| huber_sf {scoringfunctions} | R Documentation |
Huber scoring function
Description
The function huber_sf computes the Huber scoring function with parameter
a, when y materializes and x is the predictive Huber mean.
The Huber scoring function is defined in Huber (1964).
Usage
huber_sf(x, y, a)
Arguments
x |
Predictive Huber mean (prediction). It can be a vector of length
|
y |
Realization (true value) of process. It can be a vector of length
|
a |
It can be a vector of length |
Details
The Huber scoring function is defined by:
S(x, y, a) := \left\{
\begin{array}{ll}
\dfrac{1}{2} (x - y)^2, & |x - y| \leq a\\
a |x - y| - \dfrac{1}{2} a^2, & |x - y| > a
\end{array}
\right.
Domain of function:
x \in \R
y \in \R
a > 0
Range of function:
S(x, y, a) \geq 0, \forall x, y \in \R, a > 0
Value
Vector of Huber losses.
Note
For the definition of Huber mean, see Taggart (2022).
The Huber scoring function is negatively oriented (i.e. the smaller, the better).
The Huber scoring function is strictly consistent for the Huber mean relative to
the family \mathbb{F} of potential probability distributions F for
the future y for which E_F[Y^2 - (Y - a)^2] and
E_F[Y^2 - (Y + a)^2] exist and are finite (Taggart 2022).
References
Huber PJ (1964) Robust Estimation of a Location Parameter. Annals of Mathematical Statistics 35(1):73–101. doi:10.1214/aoms/1177703732.

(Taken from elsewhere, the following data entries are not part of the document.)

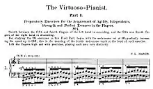 - Première partie (1-20) : exercices préparatoires pour l'agilité, l'indépendance, la force et la plus parfaite égalité de doigts
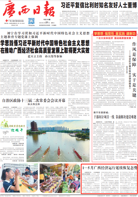 消费市场保持恢复,固定资产投资下降,外贸进出口增势强劲。1—5月,全区限上消费品零售额同比增长2.4%,部分升级类商品零售较快增长,限额以上单位通信器材类、金银珠宝类、书报杂志类商品零售额分别增长12.9%、12.7%和8.9%。全区固定资产投资同比下降15.4%,部分新兴领域投资增长较快。全区外贸进出口总额2875亿元,同比增长53.2%,其中,对东盟进出口增长117.4%,对RCEP其他成员国进出口增长104.4%,对非洲国家进出口增长43.7%。
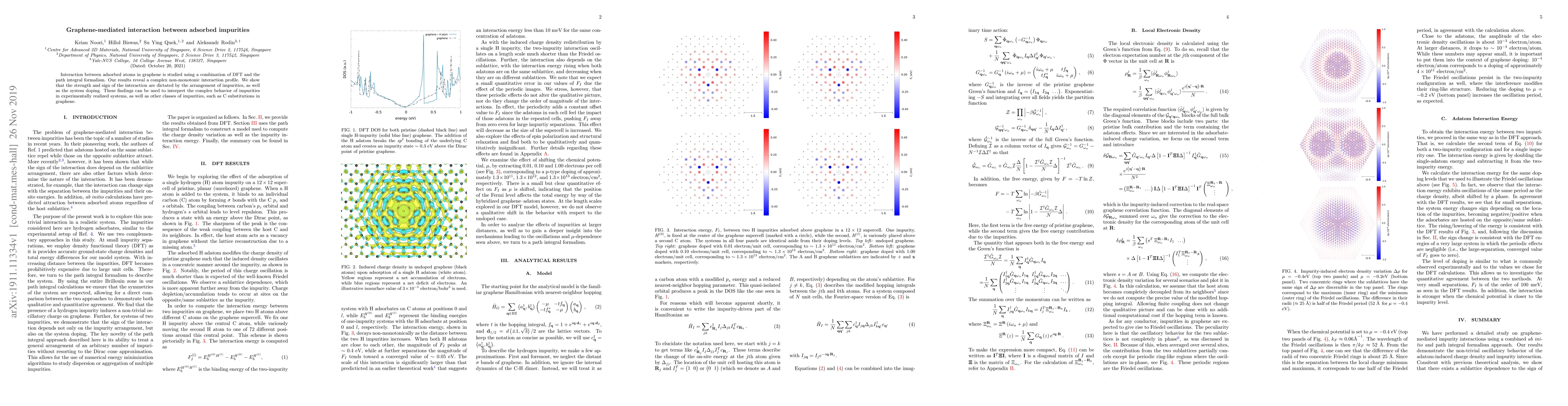 This research investigates the interaction between adsorbed impurities on graphene using DFT and path integral formalism, revealing a complex non-monotonic interaction profile that varies with impurity arrangement and system doping. These insights can help interpret impurity behaviors in experimental graphene systems.
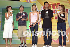 四位樂壇年青歌手方力申、李彩樺、余文樂、方皓玟(左二起)9月5日出席香港電臺聯同教育署舉行的「教育電視2002-2003新學年啟播典禮」。他們將有機會參與演出教育電視節目,教育電視節目將于9月9日起正式啟播。鄧慶樂 攝
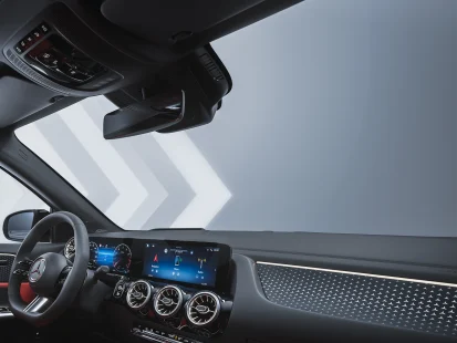 Дизајнирајте ги вашите лични барања за инфо-забава со новиот мултимедијален систем MBUX. Изберете помеѓу неколку стилови на приказ од „суптилно“ до „спортско“ и одлучете помеѓу гласовна команда или работење на допир. Вештачката интелигенција ја памети вашата омилена радиостаница и најбрзата патека до работа.
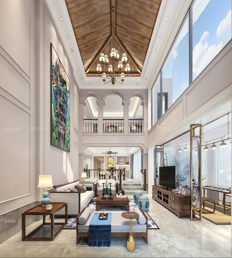 领岛别墅 | 420㎡新中式风格别墅装修效果图
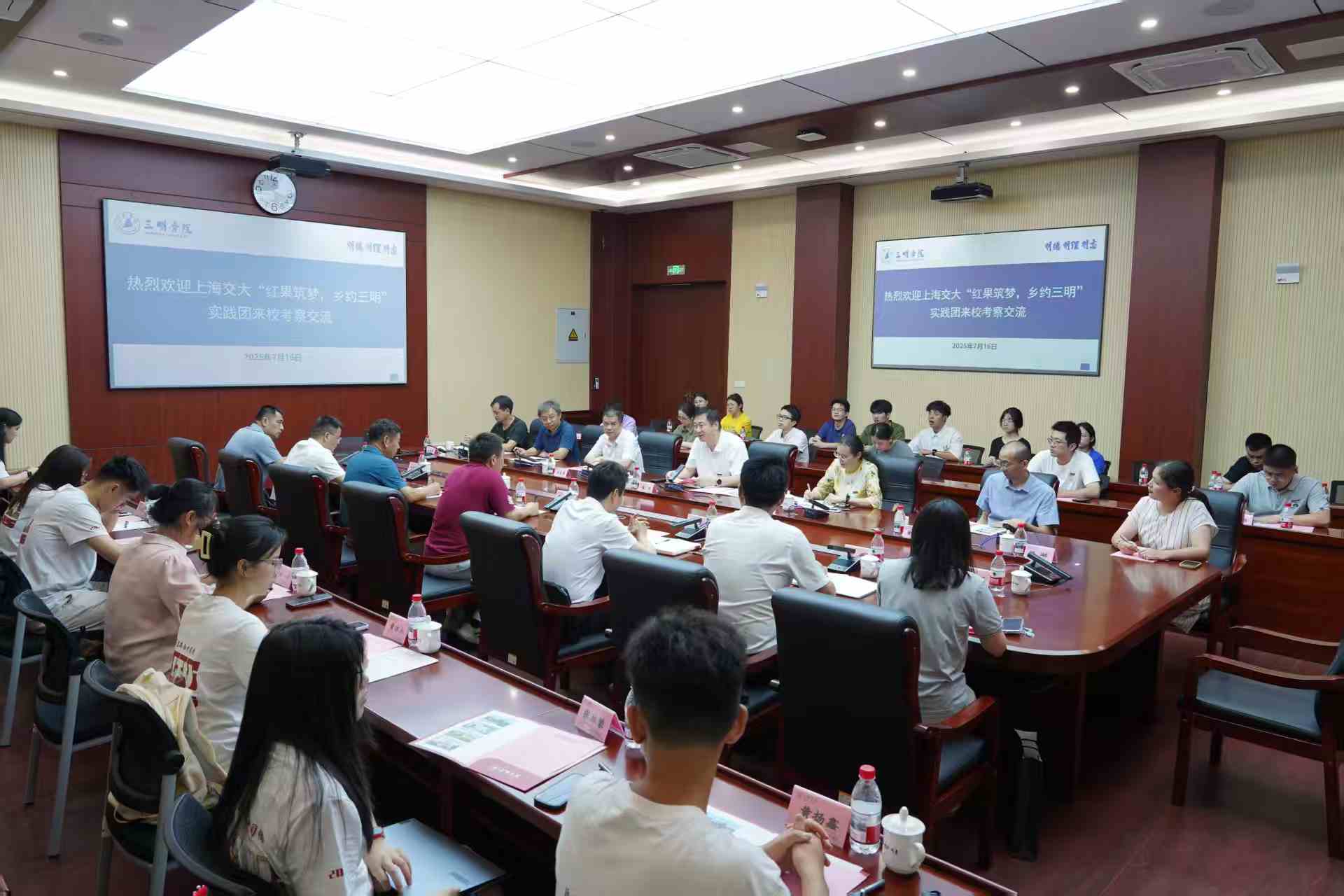 7月16日,上海交通大学农业与生物学院党委副书记李文纯、新农村发展研究院副院长蔡保松带领“红果筑梦 乡约三明”实践团到校考察交流。三元区委常委、组织部部长陈一龙,副区长詹先辉,洋溪镇党委书记龚䶮、人大主席邓巍,资源与化工学院相关负责人陪同,三明学院党委委员、副校长吴龙参加座谈。

Taggart RJ (2022) Point forecasting and forecast evaluation with generalized Huber loss. Electronic Journal of Statistics 16:201–231. doi:10.1214/21-EJS1957.
Examples
# Compute the Huber scoring function.
df <- data.frame(
x = c(-3, -2, -1, 0, 1, 2, 3),
y = c(0, 0, 0, 0, 0, 0, 0),
a = c(2.7, 2.5, 0.6, 0.7, 0.9, 1.2, 5)
)
df$huber_penalty <- huber_sf(x = df$x, y = df$y, a = df$a)
print(df)